Model Revision. It is the module of the architecture in charge of revising the behaviour of the current
models, and deciding the need of better models or new models (to explain new behaviours)
Performance. It is the way the Reaction System (or models in it) interacts with the environment.
Global performance. It is a measure of the performance of the Reaction System.
Local performance. It is a measure of the performance of models in the Reaction System.
Program. It is a Replicode construct. “Programs react to incoming objects. A program defines a pattern of
time-constrained object sequences, including patterns and guards (conditions) on the individual incoming
objects and produces new objects built from the incoming ones, said new objects being called productions.
Programs are reactive, i.e. they perform as described whenever incoming objects match the time-pattern
and guards. The transformation of inputs into productions is called reduction.

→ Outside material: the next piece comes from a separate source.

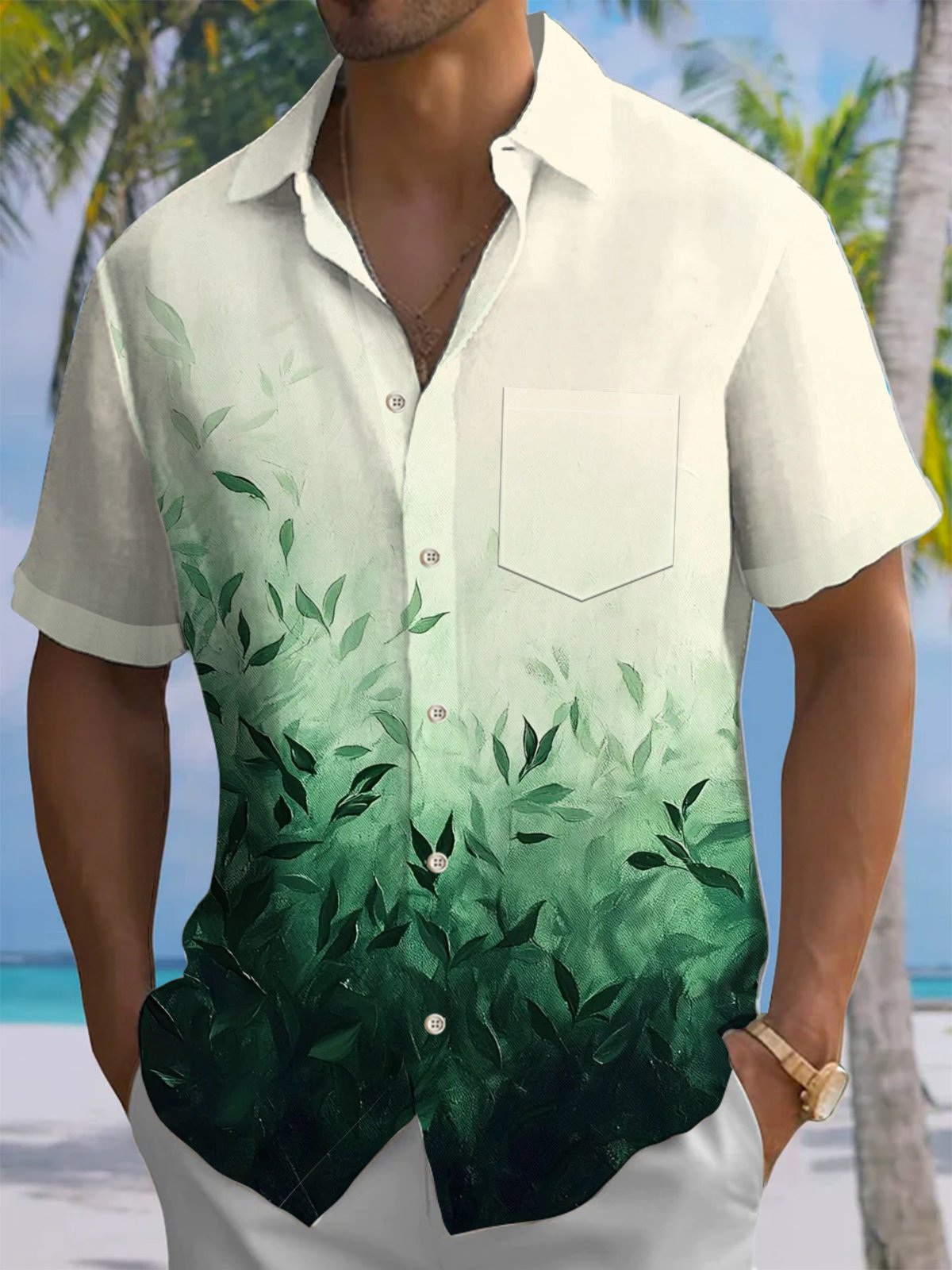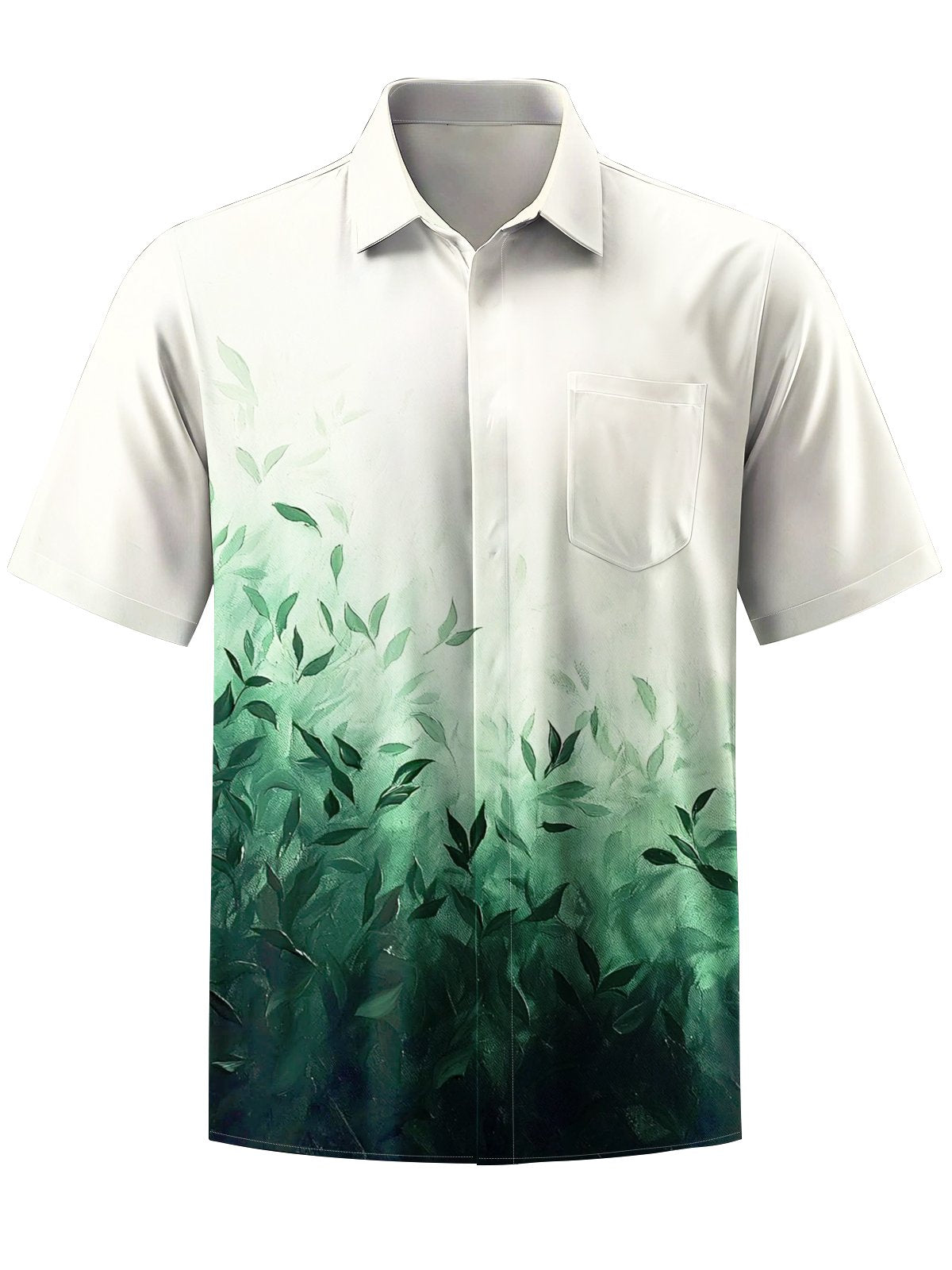 Alohadaddy® Casual Leaves Gradient Art Print Moisture Wicking Men's Short Sleeve Shirt Big & Tall

Programs are state-less and have no side-effects.” [from Replicode language specification v1.1a]
Progress Monitoring. It is a module of the architecture in charge of measuring global and local
performances. It also provides relevant information to the Attention Control module.
Reaction System. It is a module of the architecture in charge of interacting with the environment.
Reactively. Computing an action given the inputs and goals.
Reduction. It is the procedure of executing a program or model, it happens when the input conditions are
satisfied.
Schema. It is a model based controller, composed of a pair of coupled forward and inverse models.
Simulation. It is the execution of models/schemas given an initial input and goals, removing the
connection to the environment. Actions computed in the simulation are the new inputs for subsequent
simulation cycles.
State. It is the value of a system variable.
System. It is a set of interrelated variables in a defined boundary.
WCET (Worst case execution time). It is an estimation of how long would it take the execution of a
program considering the worst scenario.